____ EXTRACTED INFORMATION
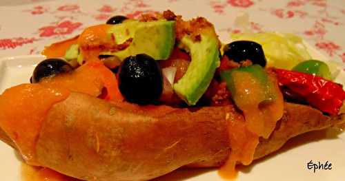 Patate douce cuite au four chili trempette légumière fauxmagée olives avocat laitue iceberg poivrons verts crus oigno.
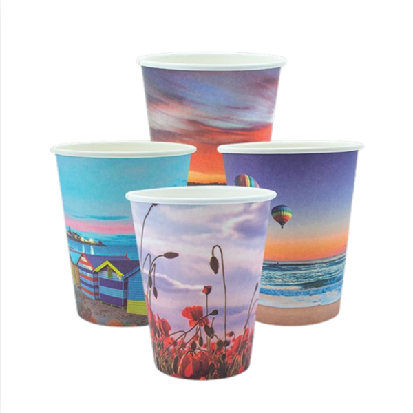 . 12oz True Fill Single Wall Smooth PLA Postcard Series Hot Cup 86.5mm
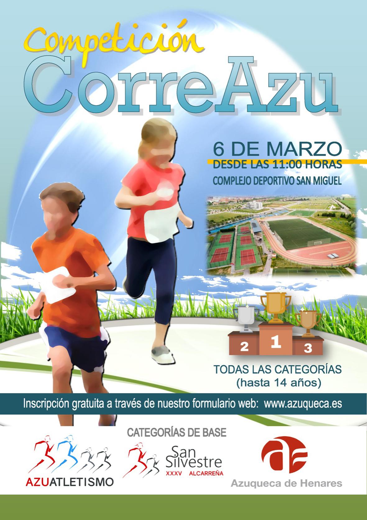 El Ayuntamiento de Azuqueca de Henares y la asociación Azuatletismo organizan el domingo 6 de marzo, a partir de las 11 horas, en el complejo San Miguel la competición CorreAzu, dirigida a las categorías base desde Chupetín (nacimiento entre 2018 y 2022) y hasta 14 años (2009 a 2010), tanto en masculino como en femenino. "En la pasada edición de la San Silvestre Alcarreña, por responsabilidad y para la prevención de contagios por COVID-19, solo se celebró la prueba absoluta y se suspendieron las carreras para menores, que impulsamos ahora, cuando la situación sanitaria ha mejorado", explica el concejal de Retos Deportivos, Enrique Pérez de la Cruz.
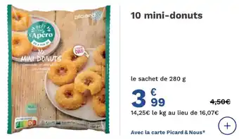 En plus de l'offre 10 mini-donuts, Picard propose une large gamme de produits. Consultez le Catalogue Picard hebdomadaire pour découvrir les meilleures offres et promotions. En plus de 10 mini-donuts, il y a aussi : 10 mini donuts, 9 mini donuts carnaval & Donuts - 12 au chocolat.
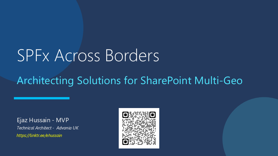 Ejaz Hussain (Advania UK) – SPFx Across Borders: Architecting Solutions for SharePoint Multi-Geo
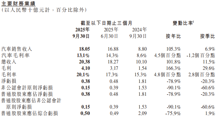营收方面,第三季度总营收同比翻倍,达人民币203.8亿元(28.6亿美元),较2024年同期的101亿元增长101.8%,较2025年第二季度的182.7亿元环比增长11.5%。其中,汽车销售收入为人民币180.5亿元(25.4亿美元),同比增长105.3%,环比增长6.9%,主要得益于新车型交付量的持续增加;服务及其他收入为人民币23.3亿元(3.3亿美元),同比增长78.1%,环比增长67.3%,核心驱动力来自售后服务收入增长及技术研发服务收入的显著提升。
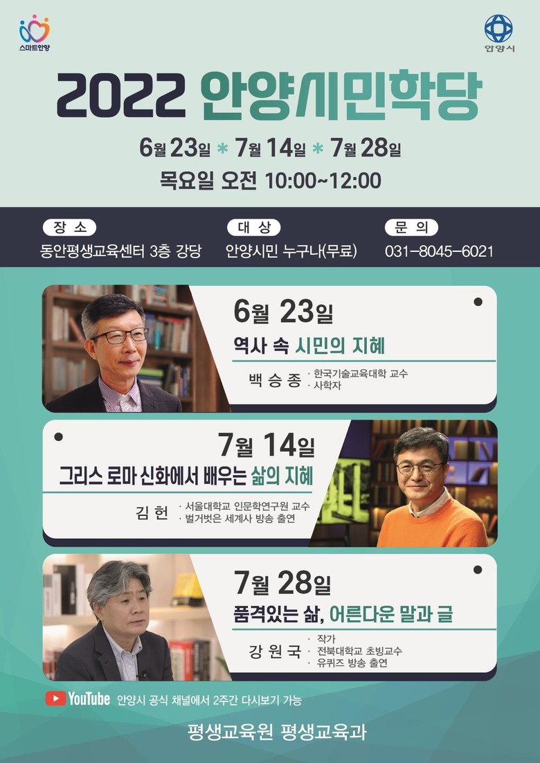 안양시는 2022 안양시민학당 제4강‘역사 속 시민의 지혜’를 오는 23일 한국기술교육대학 백승종 교수를 초빙해 연다고 밝혔다.
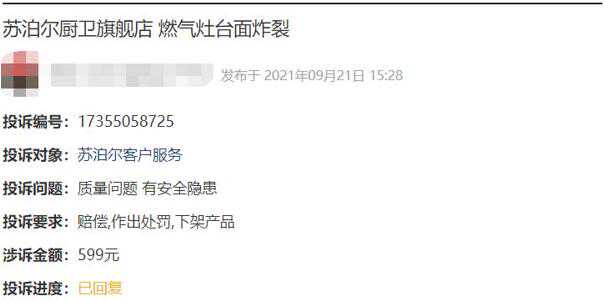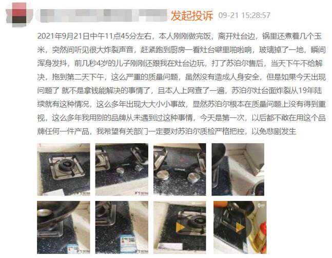 该消费者表示,上网查了一遍,发现苏泊尔灶台面炸裂从19年陆续就有这种情况,这么多年出现大大小小事故,显然苏泊尔根本在质量问题上没有得到重视,并表示以后不敢再用苏泊尔的任何一件产品。
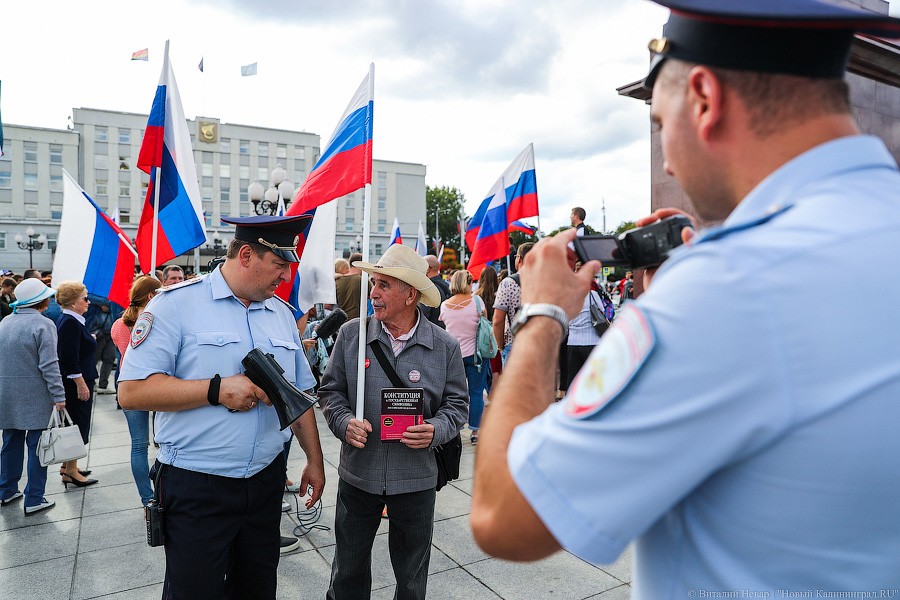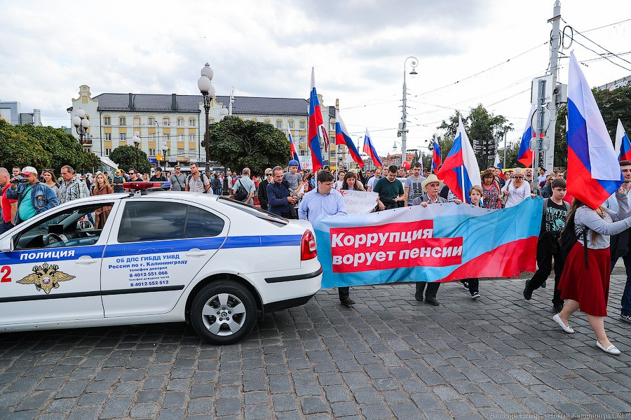 Один митинг против повышения пенсионного возраста, организованный штабом Навального в Калининграде, уже проходил — тогда он собрал примерно две сотни человек, а мероприятие было согласовано с мэрией. На этот раз глава Калининграда Алексей Силанов протестную акцию штабу Навального не согласовал. В ответе горадминистрации пояснялось, что полицейские не смогут обеспечить безопасность её участников, так как будут следить за правопорядком на выборах. Однако уже за полчаса до начала анонсированного митинга на стоянке у Центральной площади стоял автобус, набитый сотрудниками ППС. Там же был припаркован почти десяток легковых автомобилей с сидящими в них полицейскими разных чинов.
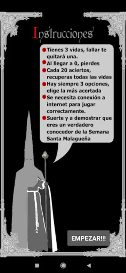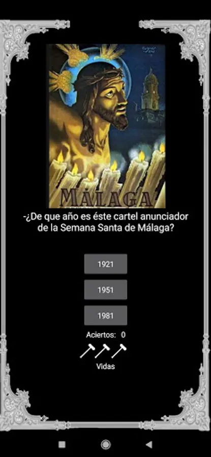 In this question game about Holy Week in Malagueña, you will have to answer the questions they ask, choosing between the three available options. Some will be text, others with images and others with musical fragments. You have three lives and will lose each time you fail, but you will recover all three for every twenty correct answers. Show what you know and share your score with others.
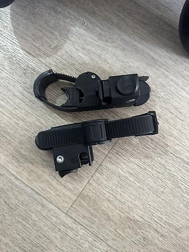 - Крепление: регулируемые зажимы/хомуты для установки на раму/ось коляски (на фото — комплект крепёжных адаптеров с фиксаторами).
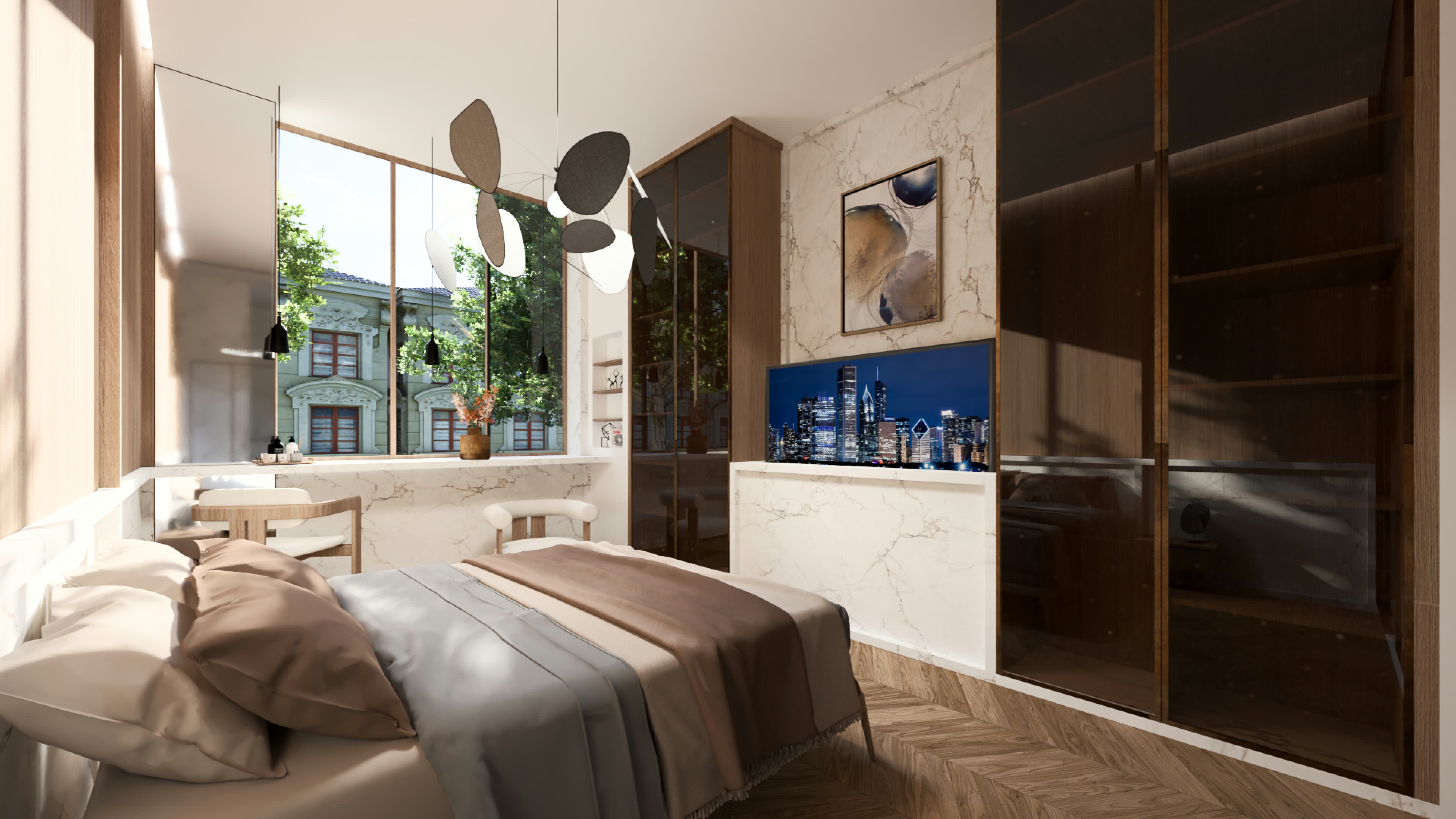 Dans ce projet, il s’agit de repenser entièrement une chambre d’hôtel haut de gamme pour en faire un lieu d’exception. Plus qu’un simple espace de nuit, la chambre devient une véritable suite contemporaine, où confort, sophistication et atmosphère immersive s’entrelacent.
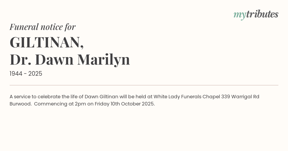 A service to celebrate the life of Dawn Giltinan will be held at White Lady Funerals Chapel 339 Warrigal Rd Burwood. Commencing at 2pm on Friday 10th October 2025.
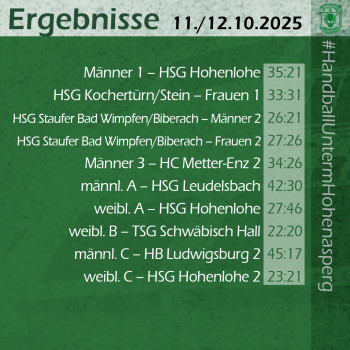 Im Jugendbereich waren die männliche A (42:30 gegen die HSG Leudelsbach) und die weibliche B (22:20 gegen die TSG Schwäbisch Hall), sowie die männliche C (45:17 gegen HB Ludwigsburg 2) und die weibliche C-Jugend (23:21 gegen Hohenlohe 2) erfolgreich. Für die weibliche A und die D-Jugenden gab es Niederlagen.
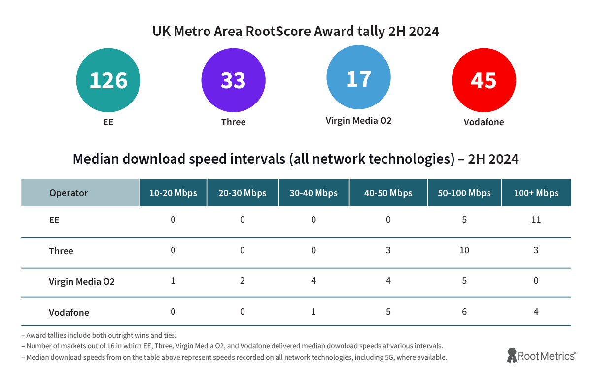 EE won or shared every UK-wide RootScore Award in 2H 2024, including its twenty-third consecutive UK Overall RootScore Award, a period spanning 11.5 years and counting. The operator also earned 31 out of 32 possible Nation RootScore Awards (including ties) across England, Northern Ireland, Scotland, and Wales. Similarly, EE won by far the most awards in major cities with 126 (Vodafone was second with 45).
________
:: THE PROBLEM ::
Your task is to repeat exactly the lines from the beginning of the data to the line that contains "Hot Cup 86.5mm", both ends included, leaving out pictures.

:: COMPLETED TASK ::
 Patate douce cuite au four chili trempette légumière fauxmagée olives avocat laitue iceberg poivrons verts crus oigno.
 . 12oz True Fill Single Wall Smooth PLA Postcard Series Hot Cup 86.5mm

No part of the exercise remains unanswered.